Dancers entertain a Mercy group and other guests at a dinner hosted by the mayor of Kigali.

Gebhart said the participants decided they would be most useful in helping the Rwandan hospitals improve their management and operational procedures.

Among the problems they encountered, he said, were inconsistencies in language in hospital records. Many charts had entries in English, French and the Bantu language spoken by most Rwandans.

Mercy participants gathered ideas for improvements in procedures, including agreeing to use a single language for medical charts. (Nkuranga said there has been no decision yet on a charting language.) All told, they developed about 100 recommendations for ways in which hospital personnel in Kigali could improve management.

A third, smaller Mercy delegation returned to Rwanda in 2014 for follow-up. Ever since, hospital personnel have been working by telephone and email with their peers in Rwanda to put the recommendations into practice.

Nkuranga is in the middle of that work, both because he is bilingual and because of his goal of returning to Rwanda. Much of his efforts this year have been on the details of the telemedicine system.

"This is a great opportunity for Mercy to follow the healing ministry of Jesus and improve health care for a desperate people," he said. "We can establish links so that people here can exchange ideas in their fields and offer care to Rwanda."

He said the visits to Rwanda allowed personnel from Mercy to better understand his country's challenges and experience its beauty. He said he led them on visits to churches and to memorials to the genocide.

Pervasive poverty, hunger
One Mercy team member from the group in 2013 offered an observation during an employee assembly after the group returned home. Jamie Campbell, a nurse, recalled an exchange with a nurse/midwife named April. Campbell said they were reviewing a chart. "April was helping me because most of the chart was written in French and needed to be translated. As we were talking she looked at me and said, 'I know our workers sometimes seem unmotivated, but please understand they come to work hungry. Sometimes they have not had a meal for a day or two …'"
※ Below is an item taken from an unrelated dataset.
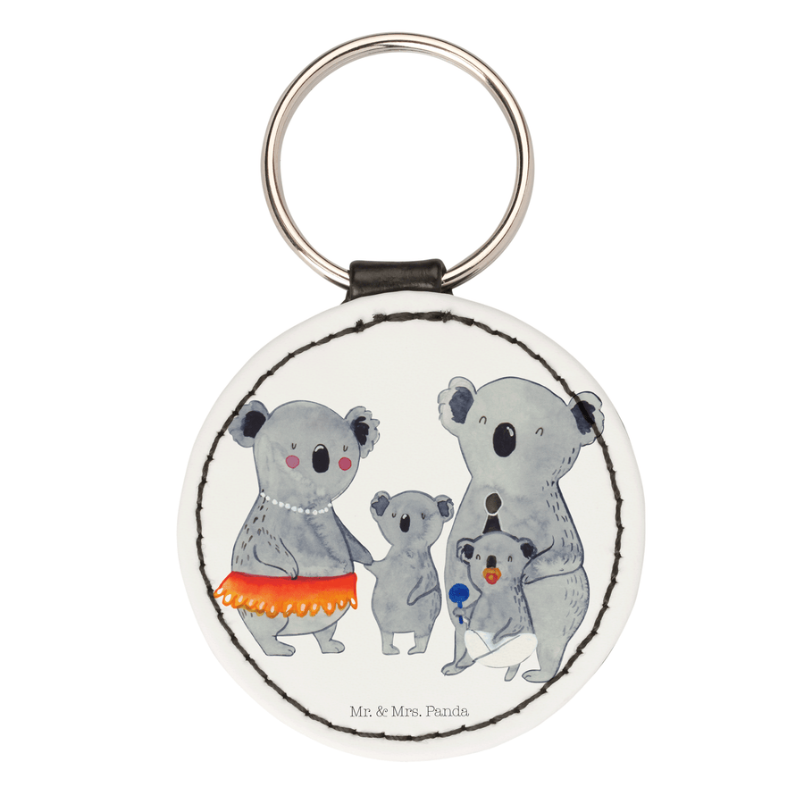 Rund Schlüsselanhänger Koala Familie - Weiß

Mercy Clinic’s Dr. Jeff Reames, third from right, views an electronic health record at Rwanda Military Hospital in Kigali.

Testimonials such as Campbell's, which also was posted on the hospital website, help to explain employee enthusiasm for helping Rwanda, Gebhart said. Many have volunteered to travel to Rwanda as needed. The forums after the trips, such as the one when Campbell told her story, are well-attended.

"I hear a lot about how the employees are proud to work for an organization that would commit to an effort like this," Gebhart said. "They are part of helping a country get back on its feet."